This morning brought the sad news of the death of Bishop Leon Lemmens, auxiliary bishop of Mechelen-Brussels, after a struggle with leukemia. The bishop had laid down his duties towards the end of last year and was admitted to hospital in October of 2016, which is where, at the university hospital in Louvain, he passed away last night.
Bishop Lemmens was an auxiliary bishop of the sole Belgian archdiocese since 2011, when he was appointed as such together with Bishop Jean-Luc Hudsyn and Jean Kockerols. He was appointed for the vicariate of Flemish Brabant and Mechelen, and wuithin the bishops’ conference he was responsible for the pastoral care to prisoners, contacts with the other Christian churches and contacts with the Muslim community. The late bishop was also member of the Community of St. Egidio. Speaking on behalf of that community, historian and member Jan De Volder characterises the bishop as follows:
“Leon Lemmens was an extraordinarily cultivated man, a polyglot, who left an impression because of his stature and sincere cordiality, also on the young people he met. He possessed a robust faith and a great heart, especially for the poor, the homeless, the refugees.”
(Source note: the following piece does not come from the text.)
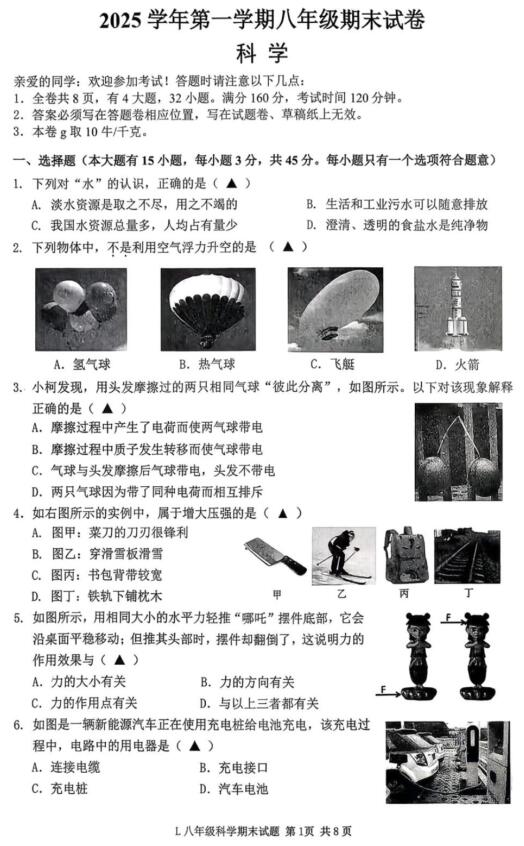 浙江省台州市路桥区2025学年第一学期八年级期末试卷 科学(扫描PDF版,含答案)

The titular bishop of Municipa was a priest of the Diocese of Hasselt since his ordination in 1977. He studied moral theology in Rome, after which he served as parish priest in Genk in the early 1980s. A professor at the diocesan seminary since 1984, he rose to its leadership in 1997. In 1998 he was appointed as vicar general of Hasselt. In 2004, Msgr. Lemmens went to Rome, to serve as rector of the Romanian College, and in 2005 he also started working at the Congregation for the Oriental Churches. In 2011, he was one of three priests called to serve as auxiliary bishops under the then recently-appointed Archbishop Léonard of Mechelen-Brussels. In 2015, shortly before being forced to relinquish his duties, Bishop Lemmens accompanied Bishop Guy Harpigny and the later Cardinal Jozef De Kesel on a solidarity mission to northern Iraq.
Aboput his final months and weeks, Bishop Patrick Hoogmartens of Hasselt, Bishop Lemmens’ home diocese, says:
“We knew that he was ill and we visited him regularly. I spoke with him over the phone only last week. He bore his illness in full faithful surrender.”
The funeral Mass for Bishop Lemmens will take place on Saturday 10 June, in the Cathedral of St. Rombald in Mechelen.
Quoting the wish from the vicariate of Flemish Brabant and Mechelen: “Let’s remain united in prayer with him, and ask the Lord to embrace him with great affection and grant him eternal life.”